Siddiqa, couturière et artisane qui ne porte qu'un seul nom, a vu ses revenus fondre.
"Quand nous avons ouvert ce commerce en 2014, il n'y avait pas de problème d'électricité", explique-t-elle à l'AFP. "Maintenant, sans courant, j'ai remplacé toutes les machines électriques par des machines à coudre manuelles."
Avant, "on pouvait faire 10 ou 12 costumes en trois jours. Maintenant, pour en faire un seul, ça peut nous prendre 10 à 15 jours."
Les coupures d'électricité font partie de la vie quotidienne au Pakistan, mais rares sont les endroits où elles sont aussi longues.
En raison de son isolement, le Gilgit-Baltistan n'est pas connecté au réseau électrique national et dépend de sa propre production, générée par des dizaines de centrales hydroélectriques ou thermiques.
Le Pakistan compte plus de 7.000 glaciers, soit plus qu'aucun autre pays sur terre en dehors des terres polaires.

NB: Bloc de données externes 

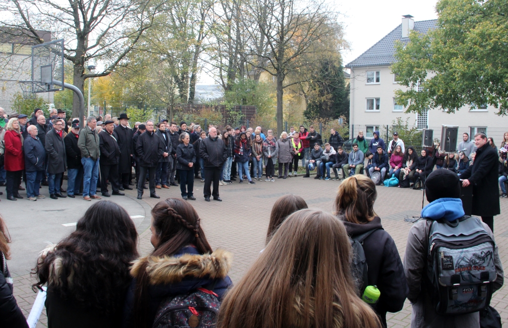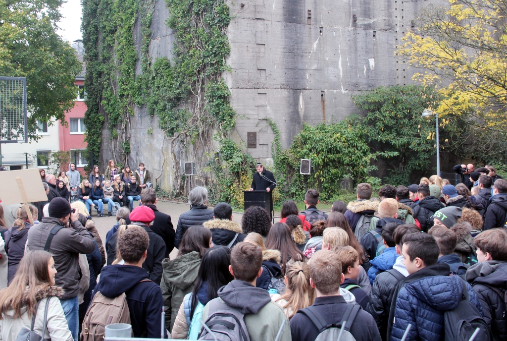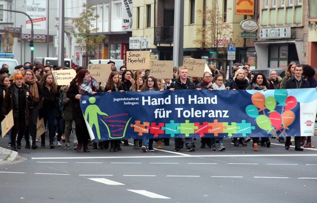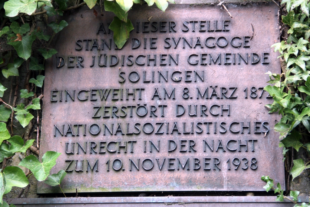 An der Malteserstraße in Solingen wurde im Anschluss daran am Ort der ehemaligen Synagoge gedacht, die in der Reichspogromnacht 1938 zerstört wurde. Mehrere Hundert Jugendliche folgten dem Aufruf des Solinger Jugendstadtrates und nahmen an der Gedenkveranstaltung teil. Zum Platz vor dem Rathaus zogen die Teilnehmer in einem Demonstrationszug.

Mais avec le réchauffement climatique, ceux-ci fondent rapidement.
Si leur fonte peut temporairement accroître la quantité d'eau disponible pour produire de l'énergie, leur capacité sur le long terme à retenir l'eau et à la libérer progressivement diminue.
- Mauvaise gestion -
"Il devient impossible de prédire la quantité d'eau disponible pour les centrales hydroélectriques", observe Salaar Ali, chef du département Sciences de l'environnement à l'Université du Baltistan.
En 2022, des dizaines de lacs glaciaires avaient débordé sous l'effet d'une vague de chaleur record, déversant en aval des millions de mètres cubes d'eau et de débris, et emportant plus de 20 petites centrales, 50 ponts et d'innombrables maisons.
La mauvaise gestion du secteur énergétique joue aussi un rôle, reconnaît M. Ali. Construit en 2008 pour alimenter 40.000 foyers, le coûteux barrage de Satpara, près de Skardu, fonctionne à capacité très réduite.
"Il n'a été plein qu'une fois depuis sa création. Bien que sa capacité installée soit de 17 mégawatts, si on calcule sur une base annuelle, on obtient à peine 2 à 3 mégawatts", souligne M. Yunus.
Le projet de dévier le cours d'une rivière pour approvisionner le barrage a été arrêté, explique un ingénieur employé par le gouvernement régional.
Face à ces contraintes, Skardu semble reculer en terme de développement.
L'affaire de Wajahat Hussain repose entièrement sur un groupe électrogène à essence.
L'engin émet en permanence des bouffées de fumée noire, qui se mêlent à l'air des montagnes et contribuent au réchauffement climatique.
Mais, fait valoir ce charpentier de 36 ans, "sans générateur, il n'y a pas de travail".